The results of our analysis are shown in Figure A4. We find that, based on the average correlation coefficient between the model predictions and experiments, the inclusion of sequence information into the cutoff-based elastic network has a marginal effect, whereas the model with additional distance-dependent interactions (sdANM) shows the highest correlation on average. This agrees with the observation from the original publication [15]. Our results show that the superior performance of sdANM primarily stems from a better prediction of the motion of stable secondary structural motifs (alpha-helices and beta-sheets). The quality of the same model, however, suffers from the mis-prediction of the dynamics of very flexible unstructured regions. This drawback is found among all considered models, the traditional ANMs as well as the sequence- and distance-dependent new models, and its presence seriously hampers the quality of elastic networks to correctly resolve conformational dynamics seen in experiments; which is similar to the conclusion drawn from the analysis of crystallographic protein structure data.

4. Discussion

We have studied the properties of residue fluctuations in recently proposed sequence-specific and distant-dependent protein elastic networks, and compared their predictions with those of conventional anisotropic network models. We first aimed to provide an interpretation of how new descriptions may enhance model predictions, by applying them to a specific set of classically studied proteins. We then found that predictions by the new models became improved for some proteins, while the agreement with experiments dropped in other cases.

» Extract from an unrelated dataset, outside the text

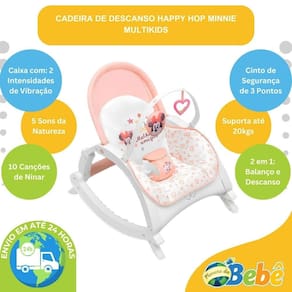 Cadeira de Descanso e Balanço Para Bebê Com Canção de Ninar Minnie - Multikids A Cadeira Happy Hop Minnie da Multikids é a opção ideal para proporcionar ao seu bebê momentos de descanso e diversão. Com um design inovador e funcional, ela é 2 em 1, podendo ser utilizada tanto no modo balanço quanto no modo cadeira de descanso, adaptando-se às necessidades do seu pequeno. Com recursos pensados para o bem-estar do bebê, ela conta com 2 brinquedos interativos que estimulam o desenvolvimento, além de um módulo musical com 10 canções de ninar e 5 sons da natureza. A função de vibração, com duas intensidades, também contribui para o relaxamento do bebê, criando um ambiente mais tranquilo e acolhedor. Seu cinto de segurança de 3 pontos, com protetor entrepernas, garante que o bebê fique sempre bem acomodado e protegido. Já o encosto acolchoado oferece 2 posições de recline, proporcionando ainda mais conforto para o pequeno. Sua estrutura leve e resistente torna o uso mais prático, enquanto os pés retráteis permitem alternar facilmente entre as funções de balanço e descanso. Outro destaque é o seu arco interativo removível e a sua estrutura dobrável, que facilita seu armazenamento e seu transporte, tornando-a perfeita para diferentes ambientes e levando ainda mais diversão para o pequeno em qualquer lugar. Aprovada pelo Inmetro, a Cadeira Happy Hop é ideal para acompanhar o crescimento do seu bebê com conforto e segurança. Principais Características: - Idade Recomendada do Nascimento até 3 Anos - Peso Máximo Suportado: 20kgs - Modelo: Happy Hop Minnie - Possui 10 Canções de Ninar e 5 Sons da Natureza - Central de Controle com 2 Ajustes de Volume - Função Vibração com 2 Intensidades - Estrutura com Fechamento Dobrável Compacto - Encosto com 2 Posições de Recline - Pés Retráteis para Uso na Função Balanço ou Descanso - Cinto de Segurança de 3 Pontos - Possui Protetor Entrepernas - Encosto Confortável Acolchoado - Estrutura Leve e Resistente - Possui 2 Brinquedinhos Interativos - Arco Interativo Removível - Necessário 4 Pilhas AA Não Inclusas - Aprovado pelo Inmetro Especificações Técnicas: - Conteúdo da Embalagem: 1 Cadeira de Descanso Happy Hop Minnie - Multikids - Dimensões do Produto Aberto AxLxP : 45,5 x 49,0 x 61,0cm - Dimensões do Produto Fechado AxLxP : 62,0 x 49,0 x 61,0cm - Composição/Material: Polipropileno, Poliéster e Ferro - Alimentação: 4 Pilhas AA Não Inclusas - Peso: 3,000kgs - : 90 dias Contra Defeitos de Fabricação Pelo Fabricante - Certificação: Inmetro 001678/2022 - Código do Fabricante: BB482 - EAN: 7908842809276 - Marca: Multikids Imagens Meramente Ilustrativas. As cores e estampas podem variar de acordo com o lote do fabricante.

This ambiguity originates from ubiquitously present false predictions of residue fluctuations in highly flexible protein regions. In the elastic network model, those regions correspond to poorly connected parts, which are highly vulnerable to incorrect predictions. Through a systematic analysis of more than 2000 protein structures, we have shown that this drawback is present in all the considered model variants and intrinsically affects predictions.

Our analysis furthermore reveals several systematic drawbacks of the new models which are worth mentioning. (i) False prediction of motions in flexible protein regions is enhanced in the sequence and distance-specific sdANM model. The reason is that the softening of long-ranged interactions, reinforced by the stiffening of short-ranged interactions in this model, effectively increases the occurrence of poorly connected residue beads. (ii) On the average, the performance of sdANM resembles that of a traditional ANM with a small cutoff distance. (iii) Related to the chemical nature of amino acids, fluctuation predictions of hydrophobic residues by the sequence-specific models are prone to disagree with X-ray experimental data of protein structures. The sequence-dependent stiffness constants have been determined for elastic networks corresponding to solution NMR conformational ensembles, where the presence of hydrophobic core residues is taken into account. In crystal structures, however, this aspect is often not correctly reproduced, e.g., in a situation when only parts of a larger protein complex became determined in isolation.

Inherent shortcomings in the prediction of residue fluctuations by anisotropic elastic network models have been previously discussed. In particular, problems related to structural components which protrude out of a globular protein structure (e.g., loops) have been identified and referred to as the “tip effect” [23]. It describes motions with abnormally large magnitudes which can occur near those regions at comparably little cost, due to sparser network connectivity. It has been shown that a model extension which, in addition to changes in spring lengths, also penalizes angular deviations of the protein backbone can dampen the “tip effect” through stiffening of too soft regions and improve predictions [23,24,25].

A separate study has also shown that mean-square fluctuations of residues at the surface of a protein are systematically overestimated [26]. False predictions related to hydrophobic residues and those located in less structured protein regions (loops and turns) have also been observed. It was furthermore concluded that fluctuation properties are rather insensitive to the chemical properties of amino-acid residues. A similar observation was made when chemical information of residues was included into the interactions of Gaussian elastic network models (GNM) of proteins [27]. Robustness of elastic network performance with respect to variations in the spring constants has been also demonstrated based on comparison with atomistic MD simulations [14].

On the other side, generic limitations in the accuracy of B-factor patterns determined from X-ray crystallography are a well discussed issue. In particular, perturbations generated by the crystal packing should affect the mobility of more flexible residues, located e.g., at the surface of a protein. Including molecular contacts in the crystal into the model has been demonstrated to improve agreement of GNM predictions with experiments [10,17]. Similar attempts have been made also for ANM [10,28,29] (see also [30]). The effect of crystal packing on internal protein motions has been taken into account also in an extension of GNM which introduced variable weights for the amplitudes of normal modes [31].

Although not as systematic as the case of crystallographic structures above, to assess the performance of these models in reproducing structural fluctuations observed in solution NMR, we additionally analyzed 132 protein NMR structures. We indeed found that sdANM reproduces fluctuations in stable secondary structures such as alpha-helices and beta-sheets better than ANMs, supposed to be benefitted more from the distance-dependence rather than the sequence-dependence of the model’s parameters. The problem related to predictions of very flexible regions however persisted, as shown by the large prediction errors for the unstructured regions. In ENMs, the solvent environment is usually not taken into account, and hence, possible damping effects are ignored. Since the new sequence- and distance-dependent ENM stiffness constants have been extracted from the analysis of solution NMR conformational ensembles, they should already include some effective contribution by the solvent. Nonetheless, our results suggest that, to counter the “tip effect”, additional energy barriers should be introduced to restrict otherwise too soft motions of protruding protein parts.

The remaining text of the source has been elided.